Goal of the exercise -
Each record that follows is to be transcribed exactly, excluding its images.

Record extracts -

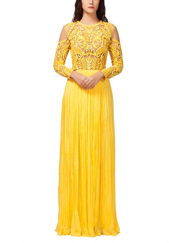 The yellow gown dress is general to all which has a long or full size. Generally, plane gowns are worn for parties or functions, but the colour yellow always gives an enhancing to command over. The yellow-coloured gown can even be worn with a belt around the waist.
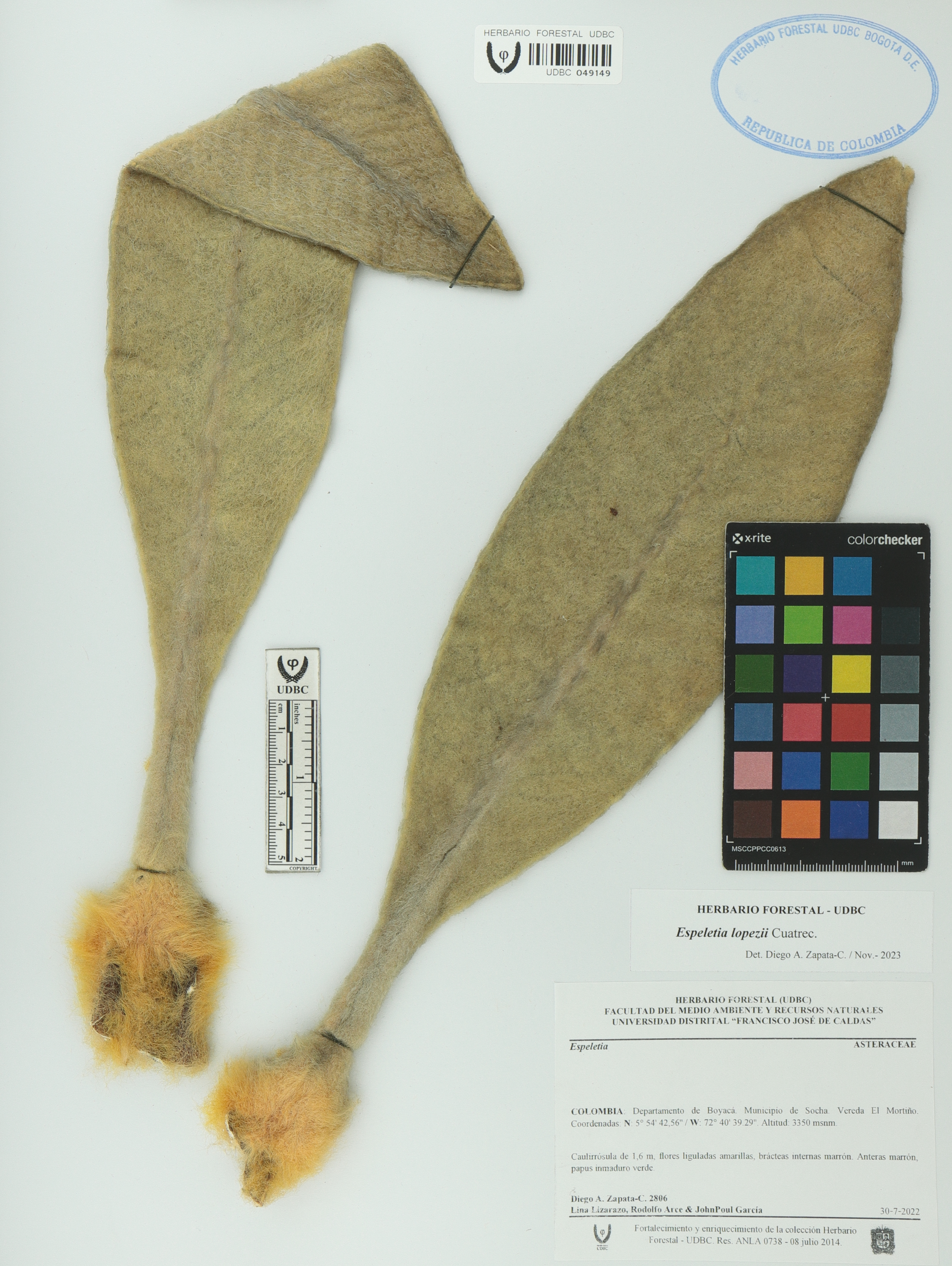 | dc.description | Fotografía del ejemplar Zapata-C., D. 2806, determinado como Espeletia lopezii en el año 2023 | |
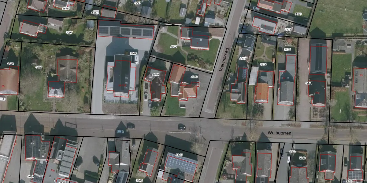 Het perceel waarop Weibuorren 75 staat heeft een oppervlakte van 584 m². Dit is een groot perceel. De perceeloppervlakte wordt geregistreerd door het Kadaster. Gedetailleerde informatie over de maten van dit perceel kunt u vinden in het rapport Kadastrale kaart met maatvoering van Weibuorren 75.
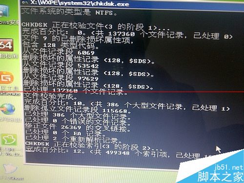 在winPE下,按win+R,运行cmd,输入命令“chkdsk c:/f”,该命令可能要运行很长时间,我这台电脑磁盘有13万多个文件,运行了近2个小时,文件多的要耐心等待。
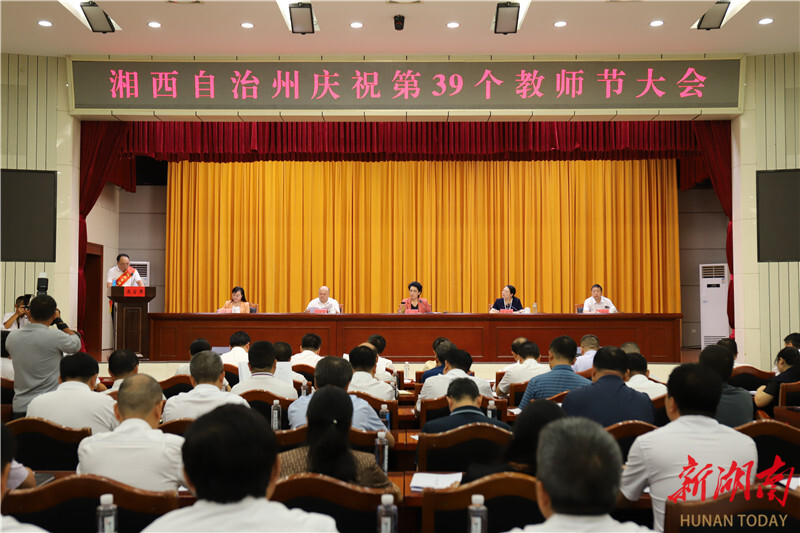 湖南日报·新湖南客户端9月8日讯(记者 莫成 通讯员 向鹏)9月8日上午,湘西土家族苗族自治州召开庆祝第39个教师节大会,对“最美教师”“师德标兵”“优秀校长”“优秀班主任”“优秀教育工作者”、扎根农村30年优秀教师暨“君天同心烛光奖”等进行表彰。
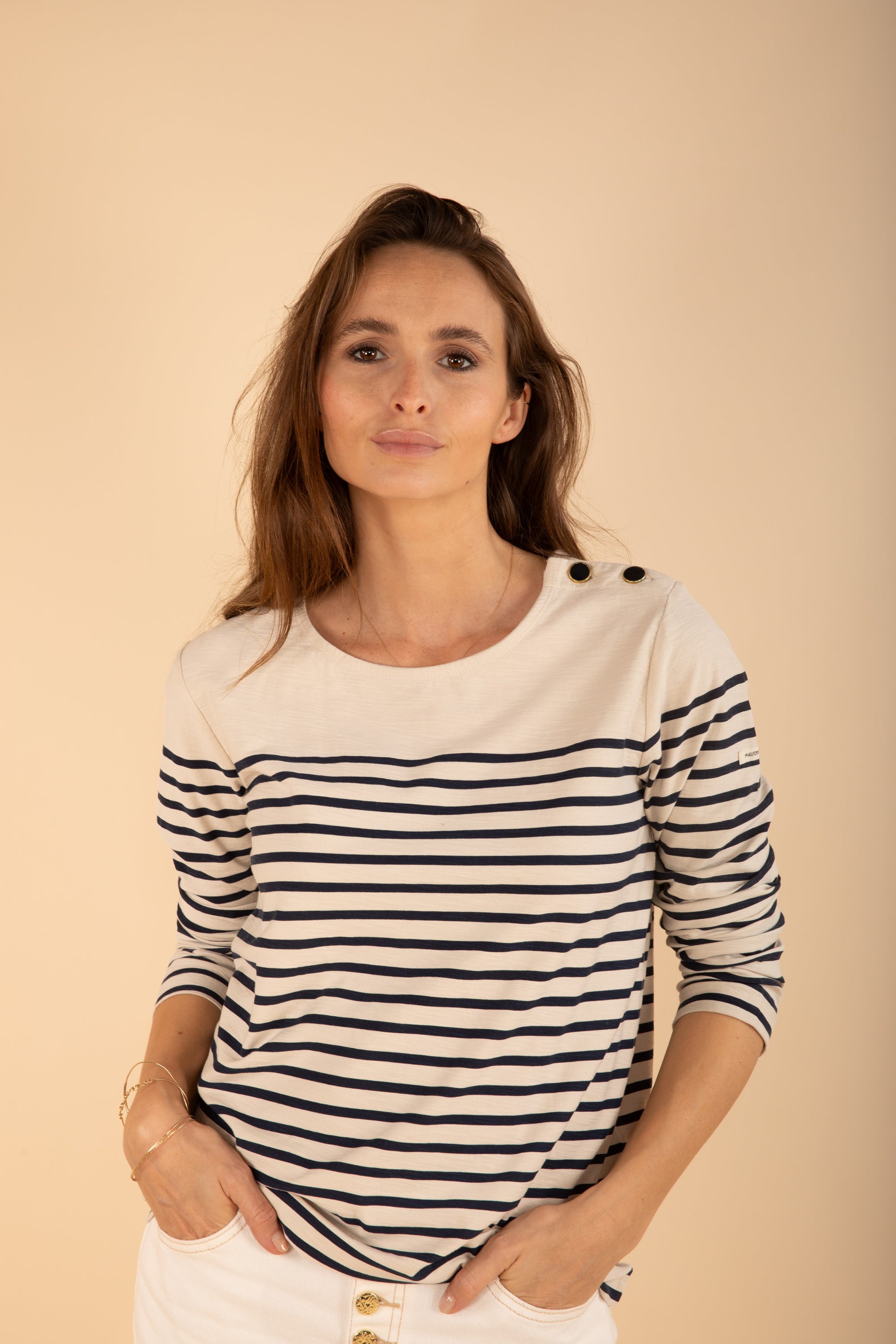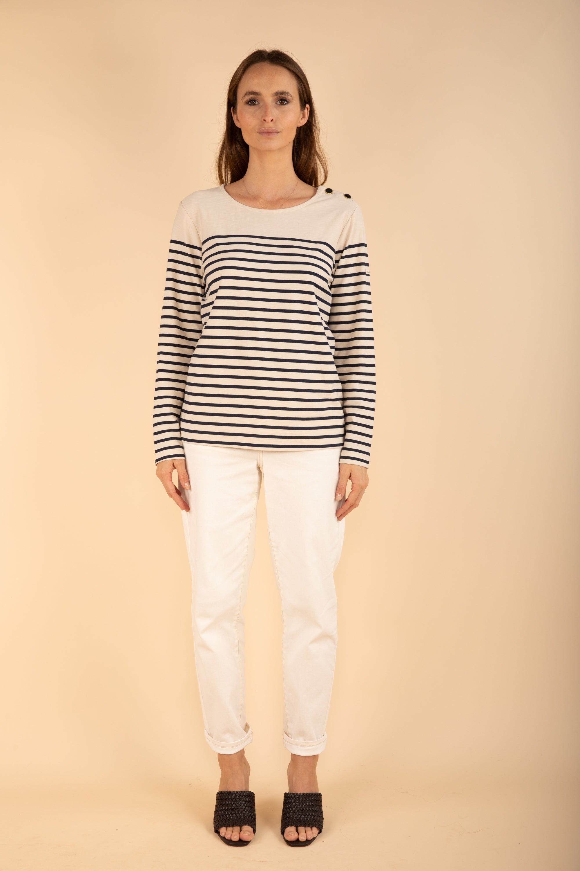 Long Sleeve Breton Shirt with Navy Stripe
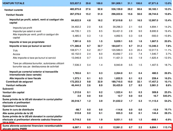 Pe 31 iulie 2025, ministrul Investițiilor și Proiectelor Europene, Dragoș Pîslaru, anunța că România a finalizat negocierea PNRR și că cel puțin 7 mld. euro vor fi trecute de la componenta de împrumuturi din PNRR, la componenta granturi din f0nduri de coeziune. Acesta a fost momentul în care se știa deja – sau ar fi trebuit să se știe – că o parte din aceste fonduri vor fi înregistrate și la venituri. Practic, aceste fonduri pierdute ar fi urmat să se regăsească în cheltuielile statului dar, atunci când acestea trec de la PNRR la fondurile de coeziune , la granturi, în execuția bugetară se vor regăsi atât la venituri, cât și la cheltuieli.
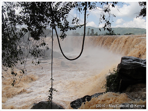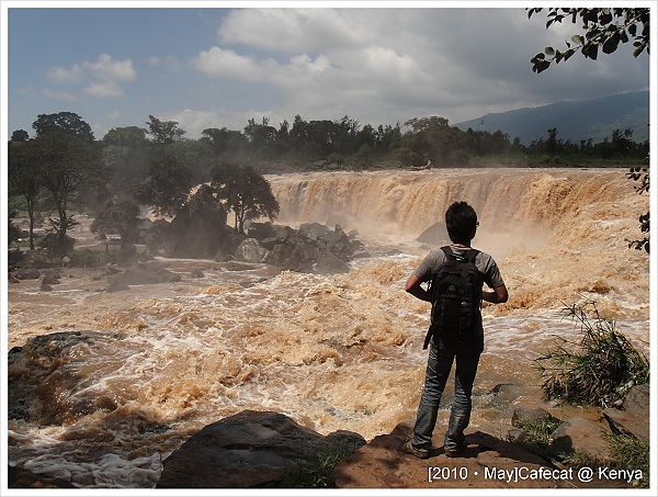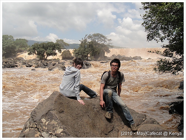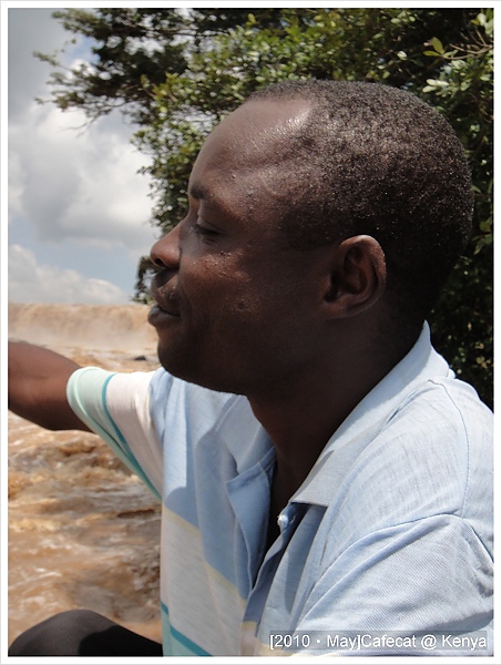 每年的四到六月是肯亞的雨季,尤其上禮拜肯亞氣候異常,連續好幾天的豪大雨,甚至許多鄉下地方還水災死了好多人。雨後的瀑布氣勢真的很壯觀,原本該是14條涓涓細流的小瀑布,全部匯集在一起變成湍急的大瀑布,打上來的水氣瀰漫整個空中,坐在旁邊石頭上,很有騰雲駕霧的fu。

Output of the exercise -
 The yellow gown dress is general to all which has a long or full size. Generally, plane gowns are worn for parties or functions, but the colour yellow always gives an enhancing to command over. The yellow-coloured gown can even be worn with a belt around the waist.
 | dc.description | Fotografía del ejemplar Zapata-C., D. 2806, determinado como Espeletia lopezii en el año 2023 | |
 Het perceel waarop Weibuorren 75 staat heeft een oppervlakte van 584 m². Dit is een groot perceel. De perceeloppervlakte wordt geregistreerd door het Kadaster. Gedetailleerde informatie over de maten van dit perceel kunt u vinden in het rapport Kadastrale kaart met maatvoering van Weibuorren 75.
 在winPE下,按win+R,运行cmd,输入命令“chkdsk c:/f”,该命令可能要运行很长时间,我这台电脑磁盘有13万多个文件,运行了近2个小时,文件多的要耐心等待。
 湖南日报·新湖南客户端9月8日讯(记者 莫成 通讯员 向鹏)9月8日上午,湘西土家族苗族自治州召开庆祝第39个教师节大会,对“最美教师”“师德标兵”“优秀校长”“优秀班主任”“优秀教育工作者”、扎根农村30年优秀教师暨“君天同心烛光奖”等进行表彰。
 Long Sleeve Breton Shirt with Navy Stripe
 Pe 31 iulie 2025, ministrul Investițiilor și Proiectelor Europene, Dragoș Pîslaru, anunța că România a finalizat negocierea PNRR și că cel puțin 7 mld. euro vor fi trecute de la componenta de împrumuturi din PNRR, la componenta granturi din f0nduri de coeziune. Acesta a fost momentul în care se știa deja – sau ar fi trebuit să se știe – că o parte din aceste fonduri vor fi înregistrate și la venituri. Practic, aceste fonduri pierdute ar fi urmat să se regăsească în cheltuielile statului dar, atunci când acestea trec de la PNRR la fondurile de coeziune , la granturi, în execuția bugetară se vor regăsi atât la venituri, cât și la cheltuieli.
 每年的四到六月是肯亞的雨季,尤其上禮拜肯亞氣候異常,連續好幾天的豪大雨,甚至許多鄉下地方還水災死了好多人。雨後的瀑布氣勢真的很壯觀,原本該是14條涓涓細流的小瀑布,全部匯集在一起變成湍急的大瀑布,打上來的水氣瀰漫整個空中,坐在旁邊石頭上,很有騰雲駕霧的fu。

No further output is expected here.